Aina is a 5-year-old girl, joyful and happy, affected by a rare disease called CDG (Congenital Disorders of Glycosylation). Aina is one of the 69 patients diagnosed in Spain and one of the 900 cases known worldwide.
CDG is a chronic serious genetic, life-altering and often life-threatening metabolic disease due to disruption of the addition of sugars to proteins. This rare disease only affects about one in 20,000 people. There is 25% mortality rate in the first 2 years of life due to multiple organ failures. The CDG affects almost every organ of the body and has important implications at neurological level; patients suffer severe motor and speech disorders, making them highly dependent.

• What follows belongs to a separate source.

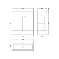 Lille 600mm Floor Standing 2-Drawer Vanity with Basin - 3 Tap Hole

The impact of rare diseases goes beyond their physical manifestations; the patients and their families suffer from the lack of visibility and awareness, finding it difficult to get a correct diagnosis and to access medical and social services. Rare diseases are often chronic, progressive, degenerative, and life threatening. The quality of life of patients is often compromised by the lack or loss of autonomy.
For several months, I accompanied Aina in her routines, her family life, the school, her spaces for therapies and visits to doctors. The effort that these children and their families face daily became evident shortly. Aina and her parents have exhausting days of school, speech therapy, physiotherapy, visits to doctors, medical check-ups and work. However, Aina does not lose her smile and joy, neither the strength to undertake every challenge.